Vamos a ver, vamos a ver, si después del yes, we can no tenemos que ir cambiando hacia el yes, we should…
Ayer, en un gesto que hay que reconocer que le honra, el presidente Obama dijo que le parecía indignante que la aseguradora AIG, que había tenido que ser salvada de la bancarrota por el gobierno estadounidense a costa de inyectarle más de 170.000 millones de dólares, intente repartir beneficios entre sus ejecutivos, precisamente los ejecutivos que casi son responsables de su total hundimiento. Pero no va a ser fácil, empiezan a decirnos, porque esos repartos están contemplados en los contratos de los ejecutivos. Si el que se supone hombre más poderoso del planeta y que llegó a la presidencia con el lema Sí, podemos ahora parece que no sabe si puede o no puede en un asunto tan claro como este, veremos a ver. Si el caso para Obama es indignante me imagino que él estará indignado y por menos algún presidente anterior era capaz de provocar una guerra…
Sí, ya sé que las normas y las leyes están para ser respetadas pero en el mejor de los casos los gobiernos han pecado de pardillos al inyectar dinero en el sistema financiero sin las mínimas medidas de prevención de estos casos. ¿Tan difícil era poner a disposición de las empresas dinero público con la condición de que si tenían beneficios lo primero era empezar a devolver ese dinero?

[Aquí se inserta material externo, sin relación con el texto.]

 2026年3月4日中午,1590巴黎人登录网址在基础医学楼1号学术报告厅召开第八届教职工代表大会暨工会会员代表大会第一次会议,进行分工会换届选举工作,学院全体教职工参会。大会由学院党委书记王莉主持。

En España también se ha prestado mucho dinero a los bancos para potenciar la liquidez y ellos no lo están poniendo en circulación, y el gobierno simplemente avisa primero de que no era esa su intención cuando les dio el dinero y poco más tarde dice el ministro de Economía que no parece lógico que los bancos presten dinero sin las debidas cautelas. ¿Las ha tenido el gobierno al inyectarles tantos millones de euros? ¿Tendremos que admitir que las grandes entidades financieras reconozcan dentro de poco beneficios, enormes como siempre, y sin que ni devuelvan el dinero ni lo hayan usado para lo que se les concedió? ¿Tan pardillos somos?

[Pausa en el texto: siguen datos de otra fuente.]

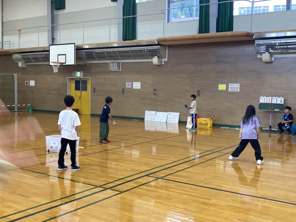 最後の活動‼️約1時間たっぷり試合をしました✨キック&ハンド&バットから、自分のやりたい攻撃を選び、そして、何点取るかも自分で決める!守備は、パスを回してアウトにする!おそらく大人はやってことのないベースボール遊びをしていま〜す😊詳しくは、お子さんに聞いてみてください✨

Esto me recuerda al cuento del escorpión y la rana (ellos el escorpión, nosotros la rana). Un escorpión le pidió a una rana que le ayudara a pasar al otro lado del río. La rana le dijo que no, que temía que le clavara el aguijón y la matara, a lo que el escorpión le replicó que no fuera tonta que cómo le iba a clavar el aguijón si eso supondría la muerte de los dos. La rana, sensata, se dijo que el escorpión tenía razón y aceptó llevarlo en su espalda. A la mitad del río sintió el aguijón clavándose en su cuerpo y mientras el veneno la dejaba paralizada y se hundía en el agua se volvió hacia el escorpión y le preguntó, Por qué lo has hecho, ahora moriremos los dos. El escorpión solo dijo, Lo siento, es mi naturaleza.